I am trying to process a dataset that is approximately 2 tb using a cluster with 4.5 tb of ram. The data is in parquet format and is initially loaded into a dataframe. A subset of the data is then queried for and converted to RDD for more complicated processing. The first stage of that processing is to mapToPair to use each rows id as the key in a tuple. Then the data goes through a combineByKey operation to group all values with the same key. This operation always exceeds the maximum cluster memory and the job eventually fails. While it is shuffling there is a lot of "spilling in-memory map to disk" messages. I am wondering if I were to have the data initially partitioned such that all the rows with the same id resided within the same partition if it would need to do left shuffling and perform correctly.
To do the initial load I am using:
sqlContext.read().parquet(inputPathArray).repartition(10000, new Column("id"));
I am not sure if this is the correct way to partition a dataframe so that is my first question is the above correct.
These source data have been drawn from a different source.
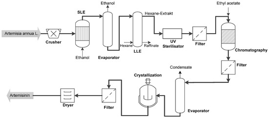 In addition to the shown benchmark pathway much effort was put into new, or rather enhanced, methods for the isolation of artemisinin. Lapkin et al. screened for various solvents to increase the efficiency of the solid-liquid extraction step. They applied the COSMO-RS model (short for COnductor like Screening MOdel for Real Solvents) to find potential candidates and performed an experimental validation. The screening included even non-conventional solvents in terms of solid-liquid extraction, such as fluoroform [18]. Due to the complex molecular structure of artemisinin and the characteristics of the plant material optimization of extraction is always a multi-parameter approach. In addition to physico-chemical consistent methods, design of experiments offers the possibility to search for possible points of operation and investigate the influencing parameters of the process. De O. Silva et al. showed such an approach using the Box-Behnken experimental design. As expected, the drug-solvent ratio influenced the batch extraction the most [19]. In addition to extraction and purification of artemisinin, synthesis was investigated. One promising approach is a photo-chemical continuously operated process to transform dihydroartemisinic acid into artemisinin, by Seeberger and coworkers [20,21]. The precursor dihydroartemisinic acid is extracted from annual mugwort but is found in larger quantities compared to artemisinin. Not only extraction and synthesis have been investigated; whole processes and value chains single unit operations in the downstream of artemisinin have been assessed [22]. Suberu et al. identified co-metabolites in the plant extract that negatively affect the crystallization of artemisinin [23]. This investigation is very important to identify those compounds that must be removed by unit operations before crystallization. Especially costly unit operations, such as chromatography, benefit from that investigation because not all substances have to be separated, but the right ones.
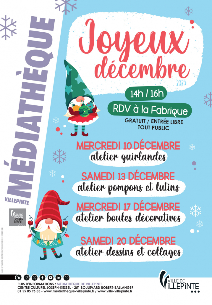 La Médiathèque de Villepinte vous invite à célébrer la magie des fêtes de fin d’année avec une série d’ateliers créatifs gratuits et ouverts à tous !
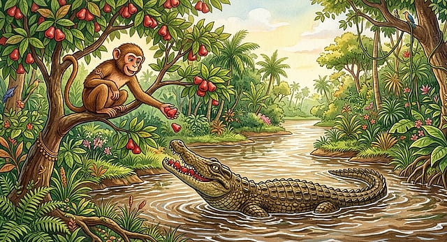 In a lush forest by a river, a clever monkey lived on a tall fig tree laden with sweet fruits. Each day, he befriended a crocodile who swam up to share the juicy figs. The crocodile enjoyed them so much that he carried some home to his wife downstream.
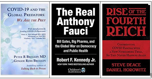 Rise of the Fourth Reich - Confronting Covid Fascism With A New Nuremberg Trial, So This Never Happens Again, (© 2023) by Steve Deace and Daniel Horowitz. Also by Steve Deace and Todd Erzen is: Faucian Bargain: The Most Powerful and Dangerous Bureaucrat in American History. (I forgot to include it in the list below. I know Fauci has a copy of Faucian Bargain, because I and many others sent him one.)
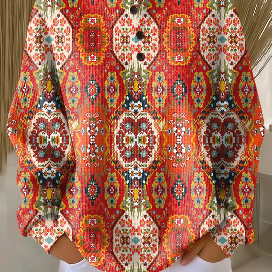 Елина | Пуловер с цветен етнически флорален принт
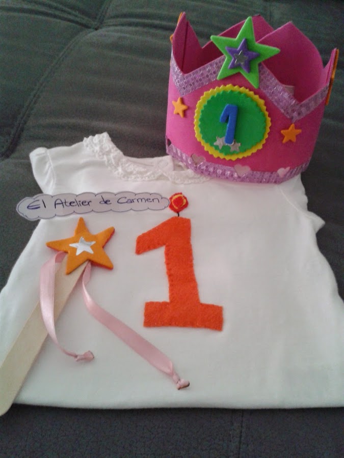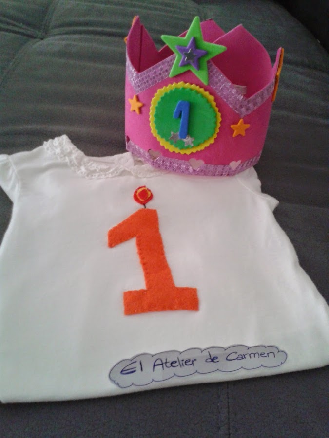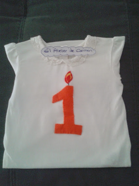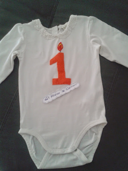Como ves, es muuuuy fácil de hacer, solo hay que recortar una pieza de fieltro con el número, en este caso el uno, y recortar unos trocitos de fieltro de otro color para hacer la llama que simula la vela de cumpleaños, coser a la camiseta o body... y listo para celebrar!
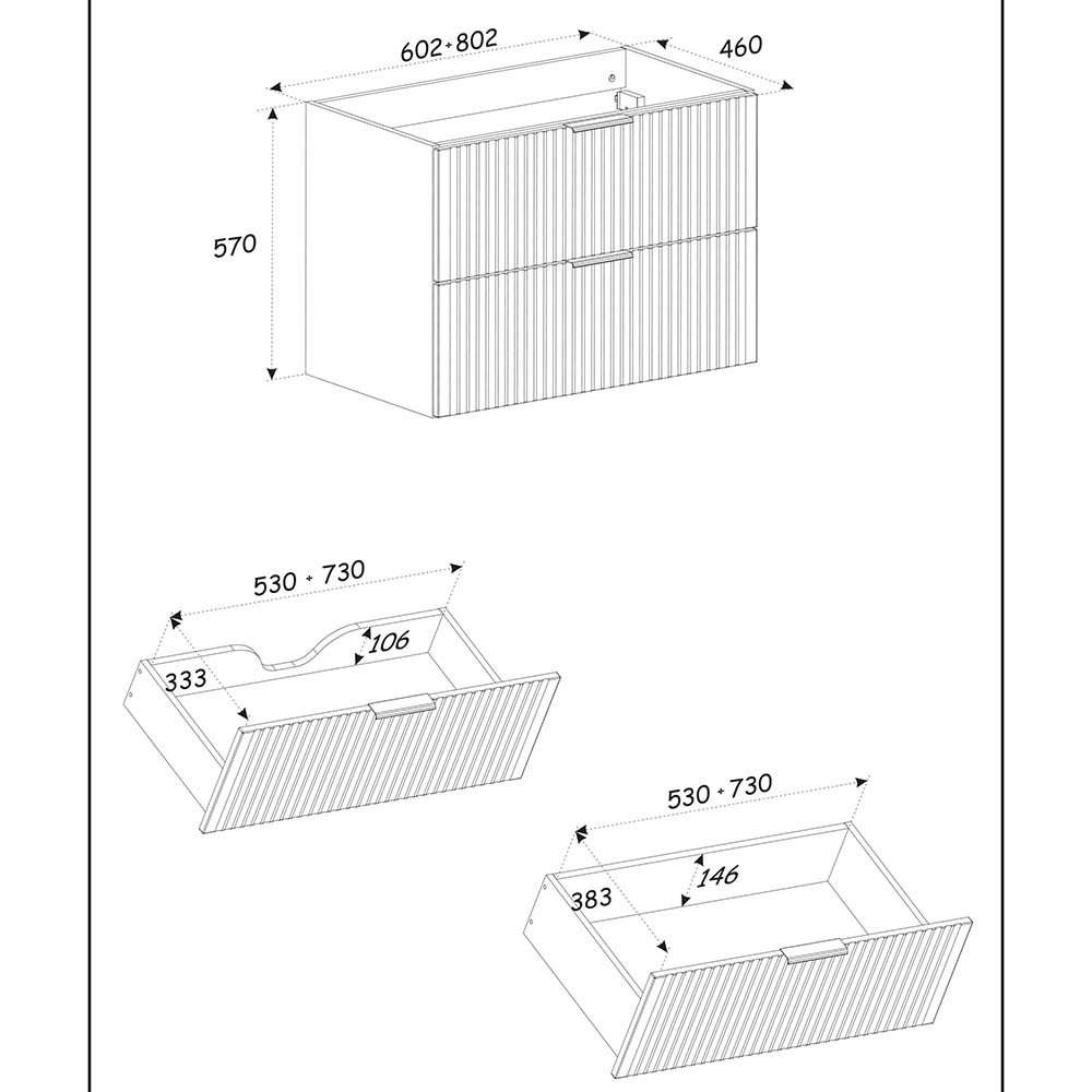 Dwie pojemne szuflady oferują dużo miejsca na akcesoria łazienkowe, utrzymując porządek. Szafka wykonana z trwałych materiałów takich jak płyta MDF i płyta laminowana, zapewnia solidność i długotrwałe użytkowanie. Meble zostały zaprojektowane z myślą o maksymalnej funkcjonalności, spełniając oczekiwania nawet najbardziej wymagających użytkowników.

My next question is that when I go from the dataframe to rdd using:
JavaRDD<LocationRecord> locationsForSpecificKey = sqlc.sql("SELECT * FROM standardlocationrecords WHERE customerID = " + customerID + " AND partnerAppID = " + partnerAppID)
.toJavaRDD().map(new LocationRecordFromRow()::apply);
is the partition scheme from the dataframe preserved or do I need to repartition after doing a mapToPair using:
rdd.partitionBy and passing in a custom HashPartitioner that uses the hash of the ID field.
My goal is to reduce the shuffling when doing the final combineByKey to prevent the job from running out of memory and failing. Any help would be greatly appreciated.
Thanks, Nathan